Lorix is a simple, user-friendly Javascript DataFrame API for loading and transforming data.

Features

  • Enables rapid data wrangling on Javascript
  • Load and export data to/from text files and object arrays
  • Exposes a simple, functional data-oriented API that operates over an array of objects
  • Function chaining to encapsulate multiple data transformations in single blocks
  • Helpful error messages to assist debugging

Why Lorix?

I want a simple way to wrangle data with Javascript for my own projects, instead of having to resort to pandas on Python. Rather than building something low-level from scratch, optimizing for performance, I opted to design a DataFrame abstraction over existing libraries like lodash and d3. The idea isn't for this to compete performance-wise with other libraries (far from it!), but to provide an intuitive API for anyone to pick-up and transform small to medium-sized datasets directly in Javascript.

How to install

Requires Node v15+

npm install lorix

Get Started

Create a DataFrame

import lorix from "lorix";

let df1 = await lorix.readCsv("test.csv"); // Comma-separated file
let df2 = await lorix.readTsv("test.tsv"); // Tab-separated file
let df3 = await lorix.readDsv("test.psv", "|"); // User-specified delimiter

// Array of objects
// Note: All objects in the array need
// to have the same properties.
const dataArray = [
    {"colA": 1, "colB": 2},
    {"colA": 2, "colB": 3}
    {"colA": 3, "colB": 4}
];
let df4 = lorix.DataFrame.fromArray(dataArray);

Print top n rows

.head(n) prints the top n rows in tabular form to standard output.

df1.head(); // Print the top 10 rows by default
df1.head(15); // Define the number of rows to display

Iterate DataFrame rows like an object array

The DataFrame class implements the iterator pattern to allow users to iterate through rows like an array. This also enables the use of the spread operator for example.

for (let row of df1) {
    console.log(row);
}

let df = [...df1];

Export DataFrame rows as an object array

toArray() returns an object array, where each object is a row mapping columns to values.

let rowArray = df1.toArray();

Select columns

select(col1, col2, ...) returns a new DataFrame with the specified columns.

let df = df1.select("colA", "colB");

Drop columns

drop(col1, col2, ...) returns a new DataFrame without the specified columns.

let df = df1.drop("colA");

Define new column

withColumn(newCol, fn) returns a new DataFrame with a new column (newCol), as defined by the function fn. fn accepts a single parameter that represents a DataFrame row to expose access to individual column values.

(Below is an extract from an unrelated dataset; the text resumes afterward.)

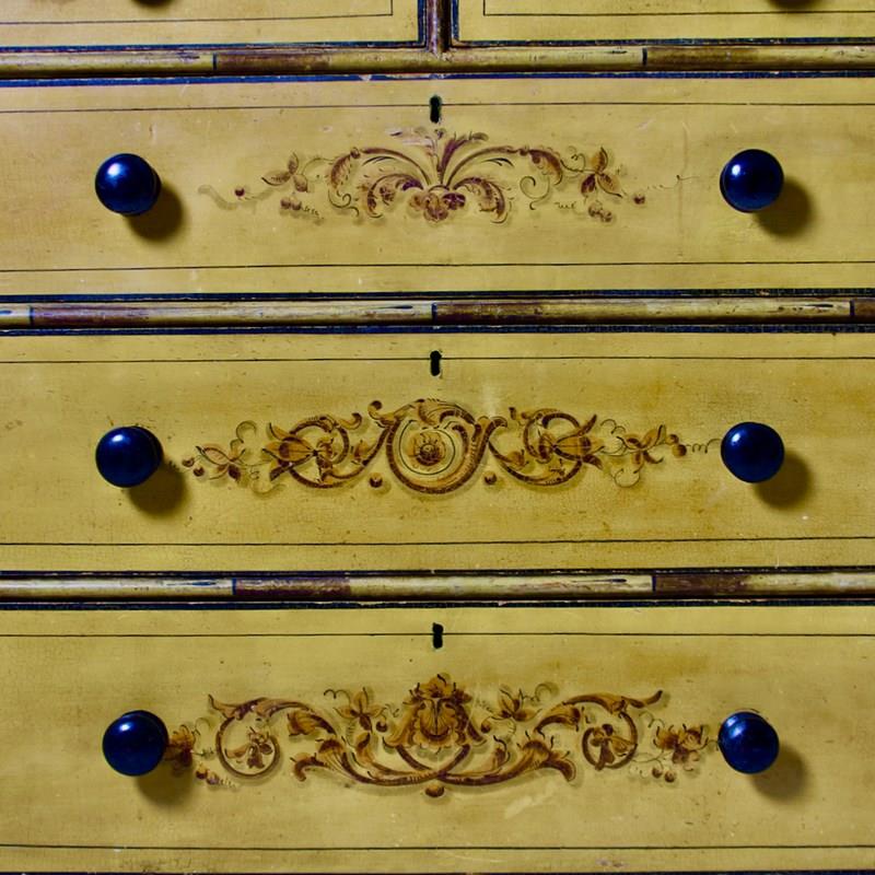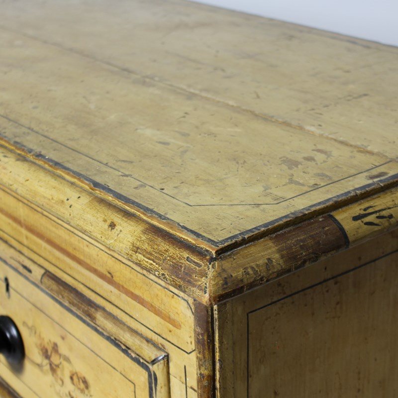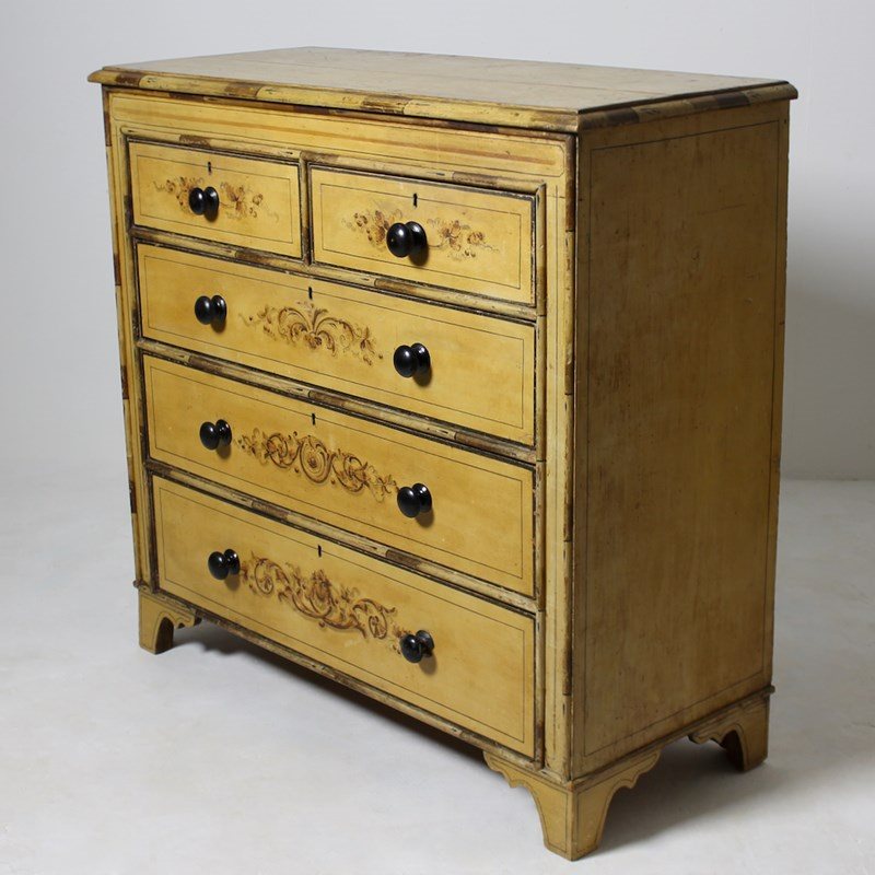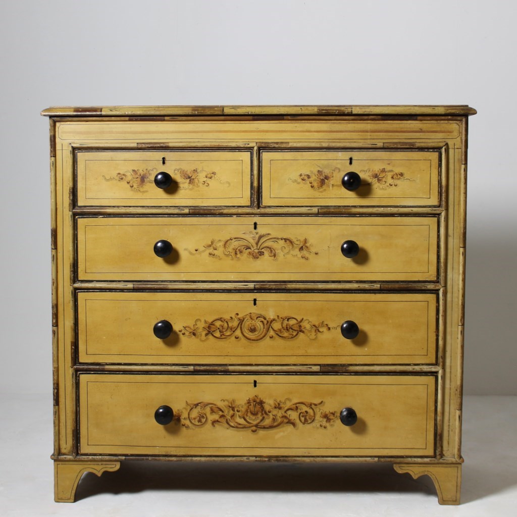 A truly wonderful, large scale, early 19th century original painted pine chest of drawers. With all over faux bamboo and line decoration, floral sprays to each drawer, standing on bracket feet and retaining its original handles, one of the best i've had.

let df = df1.withColumn("newCol", (row) => row["colA"] + row["colB"]);

Passing the row argument is not necessary if the expression doesn't use column values.

let df = df1.withColumn("newCol", () => 1 + 2);
let df = df1.withColumn("newCol", () => new Date());

Calls can be chained to define multiple columns in a single block.

let df = (
    df1
    .withColumn("newCol", () => 1)
    .withColumn("newCol2", () => 2)
);

Filter rows

filter(fn) returns a new Dataframe with rows filtered according to the function fn. fn accepts a single parameter that represents a DataFrame row to expose access to individual column values, and must return a boolean value to determine if the row is filtered or not.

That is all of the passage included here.